**YOUR OBJECTIVE**:
Please set down the data word for word; images do not go in the copy.

[LISTED RECORDS Boundary: Start]

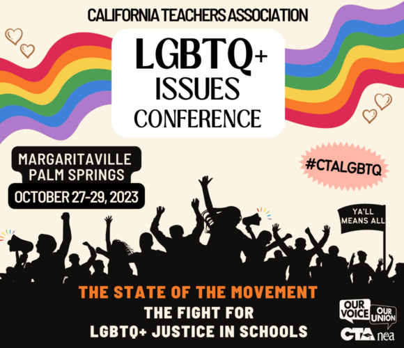 CTA is proud to present the 15th annual CTA conference addressing the current coordinated attacks on LGBTQ+ students and educators and how we can fight back. This conference will be hosted in-person and is open to all CTA members and will serve as a venue to discuss a variety of subjects affecting the entire membership and California’s youth.
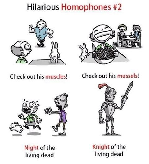 meat - meet (мясо - встретить): meat and potatoes; to meet with friends
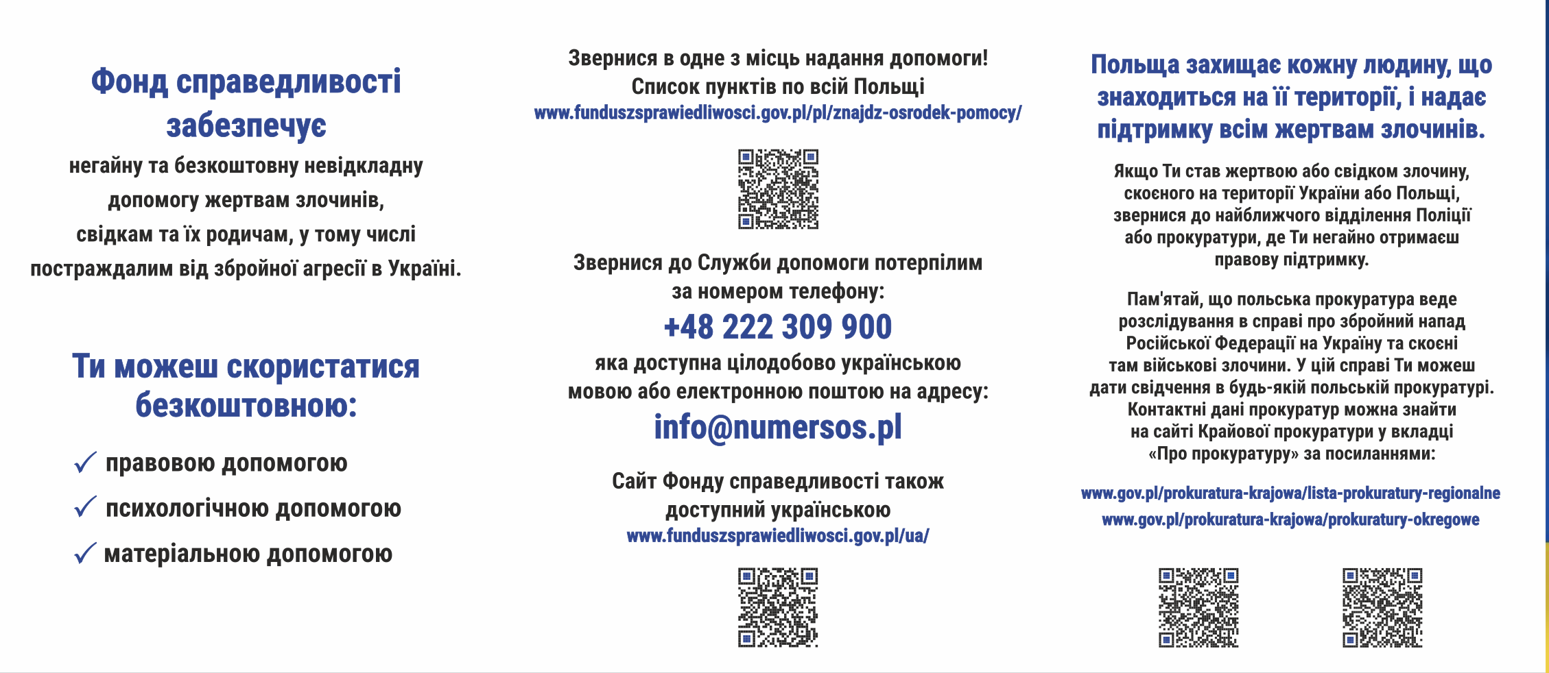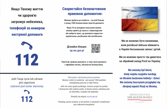 Особи, які мають таку необхідність, можуть скористатися цілодобовою лінією допомоги потерпілим за номером телефону: +48 222 309 900.
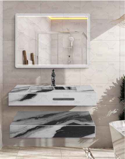 کابینت روشویی GL10 درب ریلی دیواری سفید آنتیک
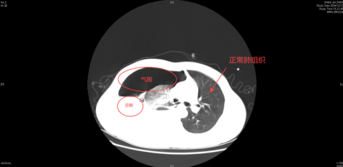CT影像示右侧液气胸,压缩肺组织达到了75%
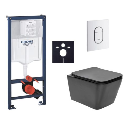 Falra szerelhető WC-készlet - a készlet a következőket tartalmazza: könnyű fali modul / előfalas rögzítés, GROHE WC-tartály, Arena Cosmopolitan vezérlőgomb és WC-ülőke.
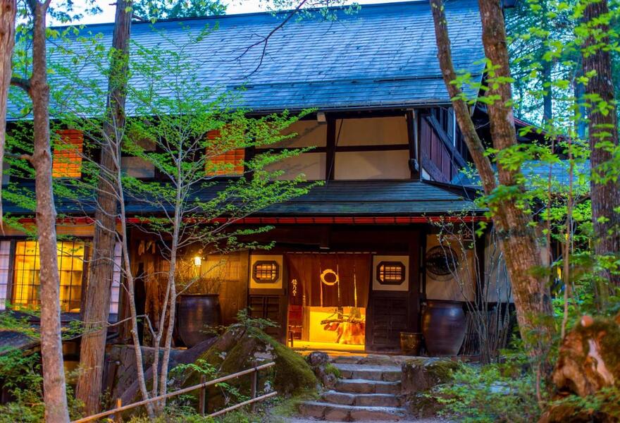 A stunning riverside ryokan set in original 160 year old thatched houses. Just eight individually designed, authentic rooms plus a traditional "irori" hearth sitting centre stage. There are two onsens on site (one rock, one cypress) and delcious, elaborate Kaiseki cuisine. Tradition at its best.
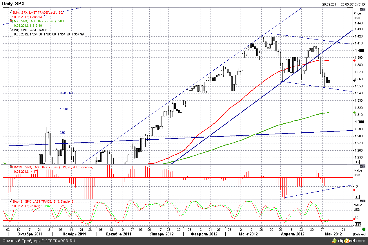 Едва ли можно назвать вчерашний прирост по индексу S&P500 продолжением отскока от важного сопротивления на 1340 пунктов. Индикатор прибавил четверть процента на умеренно-оптимистичной статистике и ожиданиях стабилизации ситуации с обострившимися опасениями за судьбу Еврозоны на фоне политических рисков в Греции и Франции.

[LISTED RECORDS Boundary: End]

**COMPLETED EXERCISE**:
 CTA is proud to present the 15th annual CTA conference addressing the current coordinated attacks on LGBTQ+ students and educators and how we can fight back. This conference will be hosted in-person and is open to all CTA members and will serve as a venue to discuss a variety of subjects affecting the entire membership and California’s youth.
 meat - meet (мясо - встретить): meat and potatoes; to meet with friends
 Особи, які мають таку необхідність, можуть скористатися цілодобовою лінією допомоги потерпілим за номером телефону: +48 222 309 900.
 کابینت روشویی GL10 درب ریلی دیواری سفید آنتیک
CT影像示右侧液气胸,压缩肺组织达到了75%
 Falra szerelhető WC-készlet - a készlet a következőket tartalmazza: könnyű fali modul / előfalas rögzítés, GROHE WC-tartály, Arena Cosmopolitan vezérlőgomb és WC-ülőke.
 A stunning riverside ryokan set in original 160 year old thatched houses. Just eight individually designed, authentic rooms plus a traditional "irori" hearth sitting centre stage. There are two onsens on site (one rock, one cypress) and delcious, elaborate Kaiseki cuisine. Tradition at its best.
 Едва ли можно назвать вчерашний прирост по индексу S&P500 продолжением отскока от важного сопротивления на 1340 пунктов. Индикатор прибавил четверть процента на умеренно-оптимистичной статистике и ожиданиях стабилизации ситуации с обострившимися опасениями за судьбу Еврозоны на фоне политических рисков в Греции и Франции.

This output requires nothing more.